Phages were isolated from 20 samples of barn flush water collected from four dairy herds located in the Zona da Mata region, in the state of Minas Gerais, Brazil (21°45'51"S, 43°20'59"W). The enrichment culture method described by Cerveny et al. (2002), with some modifications, was used for phage isolation. Each sample of barn flush water was clarified by centrifugation at 3,000 g for 10 min, and supernatants were filtered through 0.45-μm pore membranes. A total of 1.0 mL filtrate was added to 100 mL Brain Heart Infusion broth (DIFCO, Becton, Dickinson and Company, Franklin Lakes, NJ, USA) with a mixed culture of three S. aureus strains used for enrichment, being centrifuged and filtered through 0.22-μm pore membranes after incubation for 48 hours at 37ºC. The double-layer method was used for all phage detections, isolations, and purifications, as in Green & Sambrook (2012), and clear lysis zones were interpreted as a positive result. Serial dilutions were performed to obtain single phage plaques, which were propagated three times by this method to ensure the purity of the phage cultures.

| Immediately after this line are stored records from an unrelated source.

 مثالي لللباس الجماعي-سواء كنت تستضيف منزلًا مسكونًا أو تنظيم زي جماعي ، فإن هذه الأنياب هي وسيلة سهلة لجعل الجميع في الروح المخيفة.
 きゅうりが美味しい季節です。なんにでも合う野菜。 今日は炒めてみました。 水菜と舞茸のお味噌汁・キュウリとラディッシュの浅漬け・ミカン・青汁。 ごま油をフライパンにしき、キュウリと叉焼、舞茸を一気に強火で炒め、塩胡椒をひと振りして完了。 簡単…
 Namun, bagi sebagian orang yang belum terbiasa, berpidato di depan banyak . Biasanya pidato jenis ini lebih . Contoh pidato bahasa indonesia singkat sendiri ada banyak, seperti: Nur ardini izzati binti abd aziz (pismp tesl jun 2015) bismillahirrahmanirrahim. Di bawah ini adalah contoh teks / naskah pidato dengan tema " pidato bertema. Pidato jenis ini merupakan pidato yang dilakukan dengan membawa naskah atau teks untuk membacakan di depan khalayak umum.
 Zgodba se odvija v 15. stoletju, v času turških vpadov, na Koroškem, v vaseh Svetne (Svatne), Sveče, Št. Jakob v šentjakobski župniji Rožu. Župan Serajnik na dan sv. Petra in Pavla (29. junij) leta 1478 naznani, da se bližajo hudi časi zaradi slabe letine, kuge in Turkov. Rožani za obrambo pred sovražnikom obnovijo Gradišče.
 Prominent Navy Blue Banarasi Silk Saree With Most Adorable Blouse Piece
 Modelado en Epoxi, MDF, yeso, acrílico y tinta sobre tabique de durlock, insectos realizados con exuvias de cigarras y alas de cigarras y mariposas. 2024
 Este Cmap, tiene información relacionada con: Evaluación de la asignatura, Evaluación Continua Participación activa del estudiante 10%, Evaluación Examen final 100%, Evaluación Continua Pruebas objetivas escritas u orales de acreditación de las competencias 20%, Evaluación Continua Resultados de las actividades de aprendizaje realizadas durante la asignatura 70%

The host range of the isolated phages was determined by the classical spot-test assay, according to Adams (1959). Each phage was tested three times against 100 S. aureus strains - 64 from the milk of cows with clinical or subclinical mastitis, 23 from bulk milk cooling tanks, and 13 from “Minas Frescal” cheese -, as well as against Escherichia coli ATCC 25922, Listeria monocytogenes ATCC 19117, and Streptococcus agalactiae ATCC 12386, belonging to the bacteria collection of Embrapa Gado de Leite, located in the municipality of Juiz de Fora, in the state of Minas Gerais, Brazil. Target bacterial lawns were prepared with overnight cultures on Brain Heart Infusion agar (DIFCO, Becton, Dickinson and Company, Franklin Lakes, NJ, USA) plates, and 10 μL purified phages (108 pfu mL-1) were spotted. Plates were incubated at 37°C, overnight, and the appearance of clear zones around the point of application was considered as the ability to lyse that strain.

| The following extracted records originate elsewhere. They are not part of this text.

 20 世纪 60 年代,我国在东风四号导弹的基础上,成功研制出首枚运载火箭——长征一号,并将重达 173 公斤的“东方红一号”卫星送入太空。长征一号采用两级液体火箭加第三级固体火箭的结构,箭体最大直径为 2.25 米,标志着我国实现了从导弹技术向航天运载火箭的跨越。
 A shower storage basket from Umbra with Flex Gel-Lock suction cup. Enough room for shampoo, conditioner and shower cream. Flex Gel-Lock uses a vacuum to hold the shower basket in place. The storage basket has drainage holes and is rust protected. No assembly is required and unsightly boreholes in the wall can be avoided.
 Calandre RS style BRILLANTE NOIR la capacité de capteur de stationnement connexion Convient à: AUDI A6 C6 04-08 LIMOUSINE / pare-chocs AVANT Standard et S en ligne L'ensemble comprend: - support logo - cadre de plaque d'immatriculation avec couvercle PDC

The data were analyzed by the Wilson method, used to obtain the confidence interval (CI) for the estimated proportion of strains susceptible to the isolated phages, according to Brown et al. (2001), with the confidence level set to 95%. Analyses were performed in the R software, version 3.6.1, using the binconf function of package Hmisc (2019).

Phage DNA was isolated from purified phages by the phenol-chloroform extraction method (Green & Sambrook, 2012). Briefly, after phage propagation, bacterial debris was pelleted by centrifugation at 9,000 g, for 20 min, at 4°C, and the supernatant was treated with DNase I and RNase A (Invitrogen, Thermo Fisher Scientific, Carlsbad, CA, USA) to remove any bacterial nucleic acid. The phage pellet was obtained by centrifugation at 25,000 rpm, for 2 hours, at 4°C, and, then, resuspended in SM buffer; sodium dodecyl sulfate and proteinase K were added to a final concentration of 0.5% and 50 μg mL-1, respectively. Following incubation at 65°C, for 10 min, the solution was deproteinated twice by extraction with an equal volume (25:24:1). DNA was precipitated with sodium acetate and ethanol and then pelleted with a microcentrifuge. After being washed with 70% ethanol, the DNA pellet was air dried and resuspended in a Tris-EDTA buffer.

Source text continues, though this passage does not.